I’ve done and still do those things. Every now and again, I suffer through the beautiful pain of a pair of pumps, dance with a stranger whose first and last name I do not know and buy unreasonably priced drinks at clubs. But, admittedly, on more than one occasion, I’ve declined offers to go out or, worse, bailed because, well, I just didn’t want to. I just wanted to stay home curled up on the futon I paid for in the apartment I paid for watching the cable that, you guessed it, I paid for. Even as I sit here and write this blog post, it is Friday night, I’m listening to John Legend in my skivvies and my cat is doing some skiddish run around the house. I do not know if Friday nights become any more perfect than this.

Somewhere along the line, I became a proud introvert of America. I learned that this life is too short to do things I just don’t feel like doing with people I don’t feel like doing them with.
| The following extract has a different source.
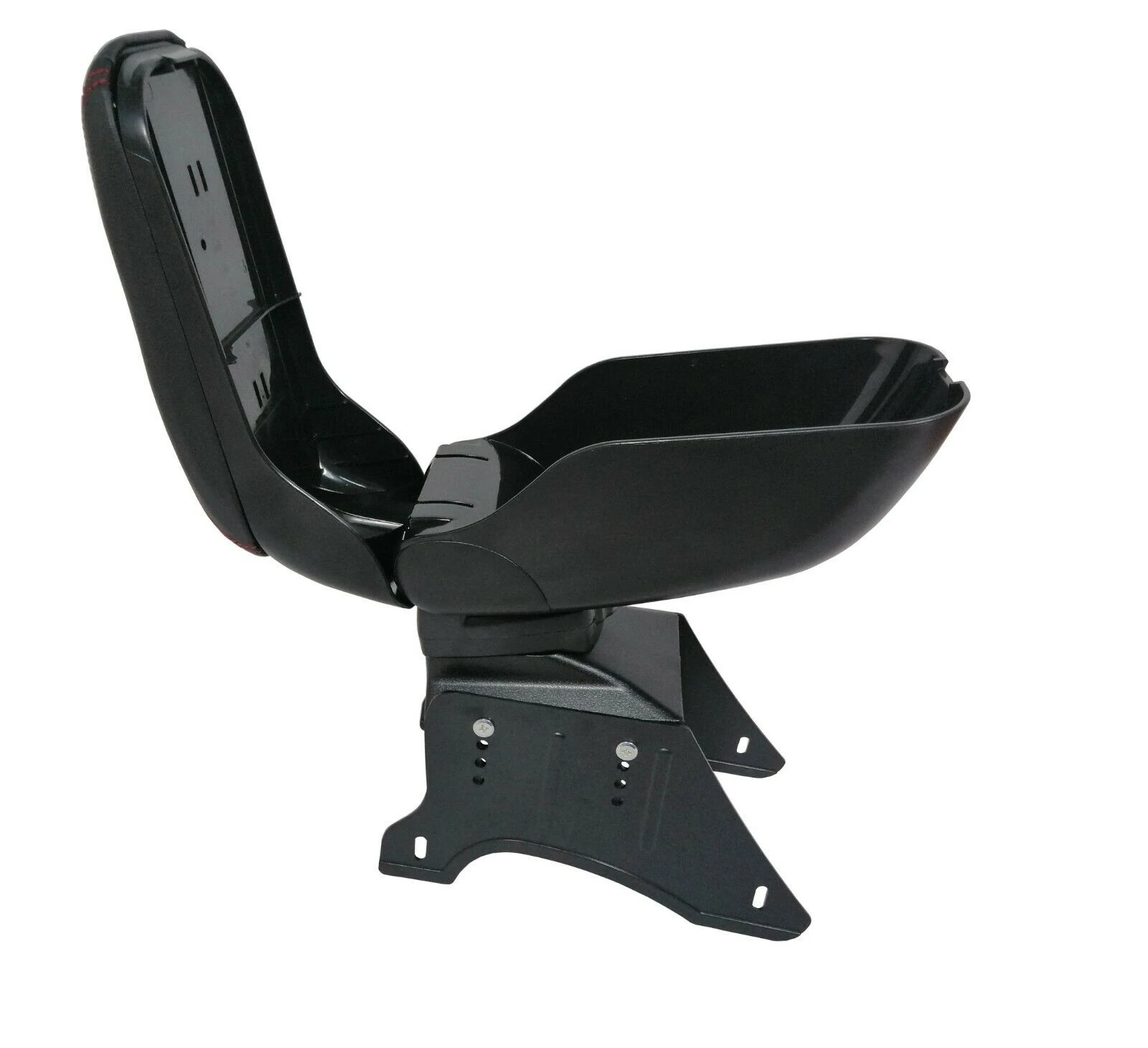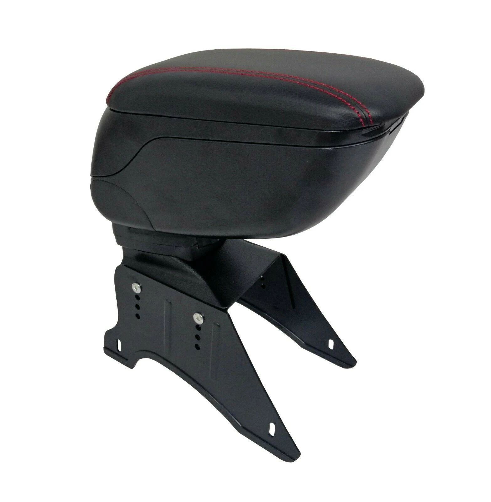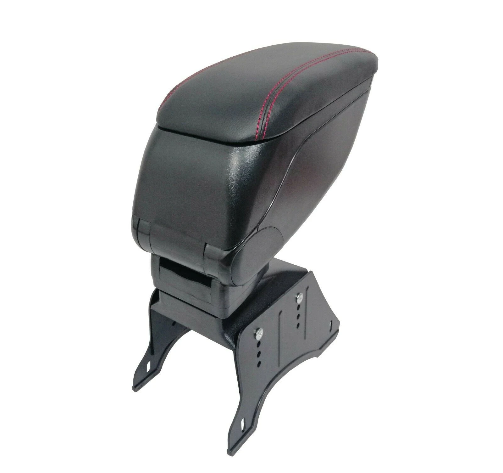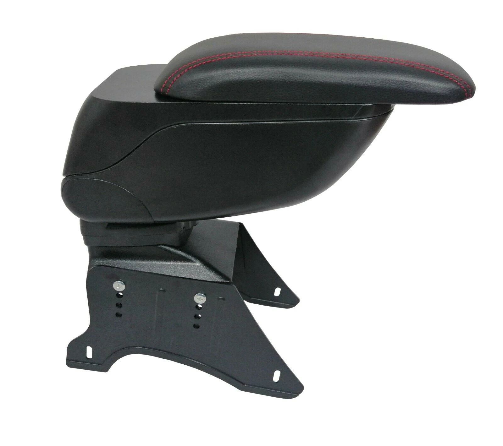 Луксозен Черен Подлакътник, Черна Кожа с Червен Шев, Универсален с Планки и Слайдер Подлакътник за отпочиване ръката на шофьора с кутия за дребни вещи. Изключително удобен и функционален. Плъзгаща се горна част за постигане на по-голямо удобство. Пълно сгъване между седалките когато не се използва. Изработен от качествена еко кожа. Лесен монтаж. Ширина на основата 12см, регулируема височина, максимална височина 35см, размер на горния подлакътник-27см х 13см, Плъзгащ се ТОП 5.5смПет регулируеми настройки на височината на опорната стойка - най-ниската височина 25см с 4 допълнителни настройки на височината до максимум 31см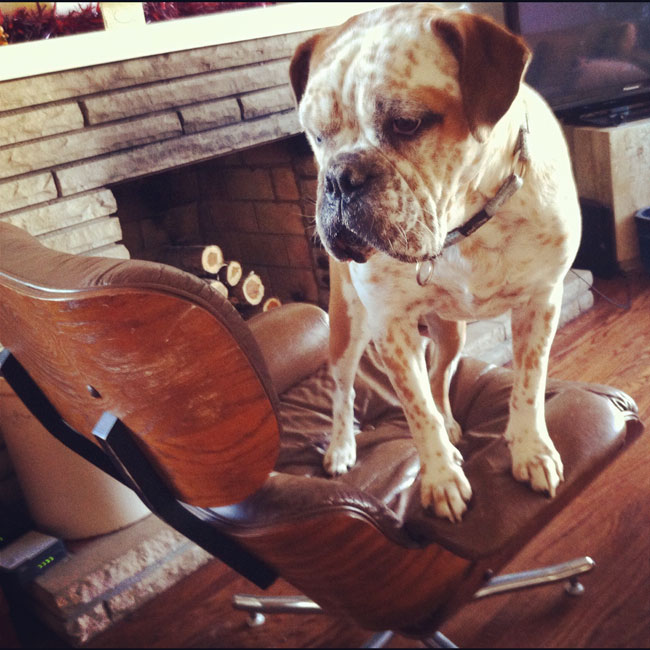 Here is Pearl (boxer bulldog cross), our beautiful rescue dog. We adopted her & she adopted the eames lounger, her favourite place to sleep!

Life is already making me do things I don’t want to do. I spend 40 hours a week working and 40 sleeping. So you can bet your sweet ass in the remaining 88ish, I am going to do what I want to do. As should everyone.

In three weeks, two of my close friends and I have planned a trip to Miami. Miami’s a place of sex, sun and sand, in that order. Admittedly, I am far too awkward and not-sexy-in-a-Kim-Kardashian-way to really pull off Miami but I appreciate it for the spectacle it is. However, the thought of clubbing for three nights in a row exhausts, not excites, me. Nonetheless, I know my best friend, one member of the trip’s trio, is going to see this blog post and call me a grandma. So, best friend, do not fear. Grandma bought three new slutastic dresses to wear to the clubs in Miami. She’ll be there right with you. Cane and all.